Exercise directions
Transcribe exactly, and without pictures, the lines from the one that contains "If you’ve been" through the last line of the material.

Records for processing
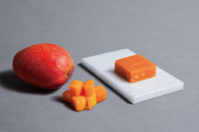 マンゴーのピューレで羊羹を炊き上げ、千切りにしたドライマンゴーを加えた贅沢な羊羹。
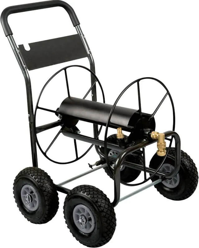 Bęben na wąż 3/4″•uchwyt Softgrip •koła z tworzywa sztucznego, piankowe, odporne na przebicie •szybkozłącze obrotowe 3/4″ z mosiądzu •przeznaczony do węży o długości 85 m
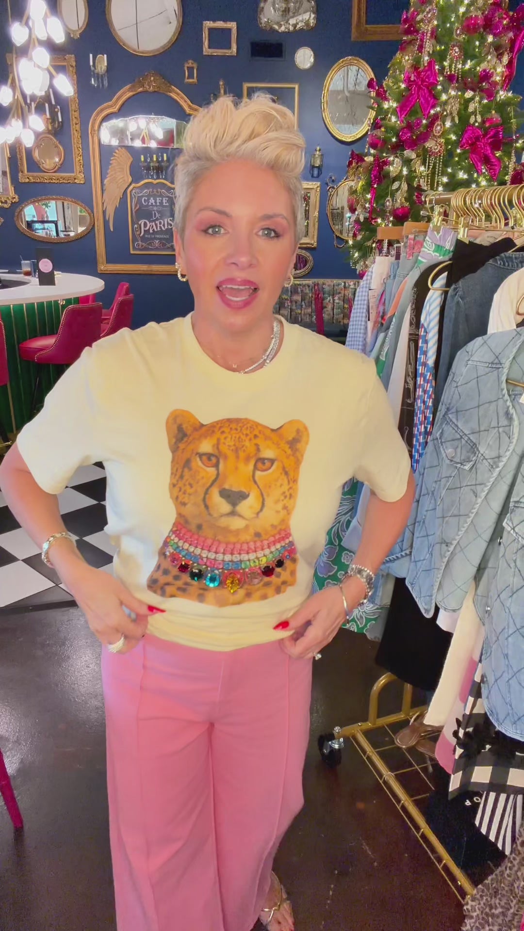 If you’ve been searching for a statement graphic tee for women that feels elevated instead of casual, this one brings the drama in the best way. The bold cheetah print paired with vibrant jeweled detail gives this classic tee a luxe, fashion-forward twist.
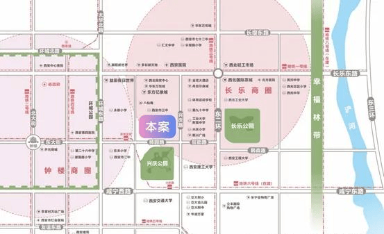 项目坐落于长乐门以东,二环以西,兴庆路与柿园路交汇处东北角
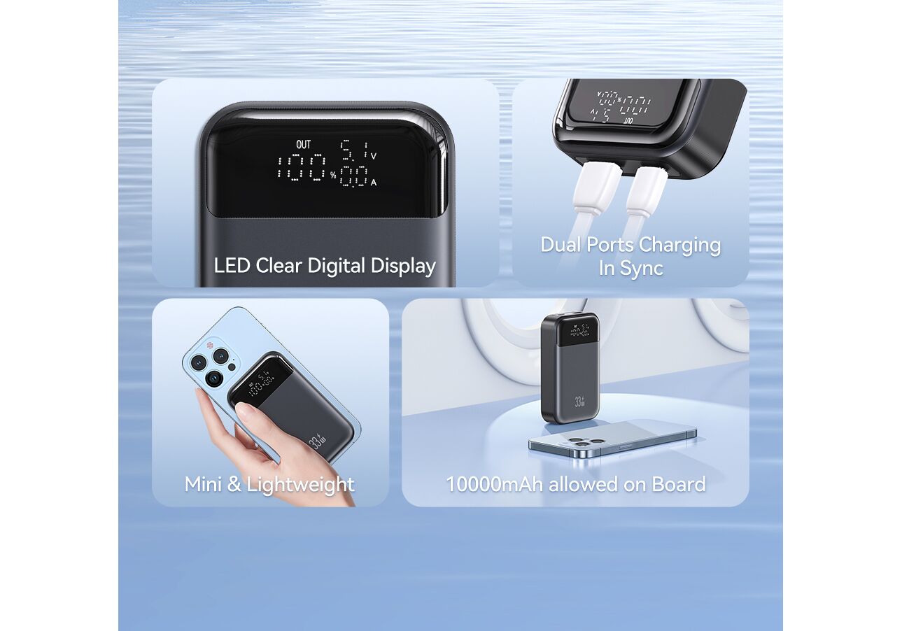 Η φόρτιση του power bank γίνεται μέσω της USB-C θύρας και εξοπλίζεται με οθόνη η οποία απεικονίζει την ένδειξη κατάστασης της μπαταρίας, τα volt και τα ampere.

Solved problem
 If you’ve been searching for a statement graphic tee for women that feels elevated instead of casual, this one brings the drama in the best way. The bold cheetah print paired with vibrant jeweled detail gives this classic tee a luxe, fashion-forward twist.
 项目坐落于长乐门以东,二环以西,兴庆路与柿园路交汇处东北角
 Η φόρτιση του power bank γίνεται μέσω της USB-C θύρας και εξοπλίζεται με οθόνη η οποία απεικονίζει την ένδειξη κατάστασης της μπαταρίας, τα volt και τα ampere.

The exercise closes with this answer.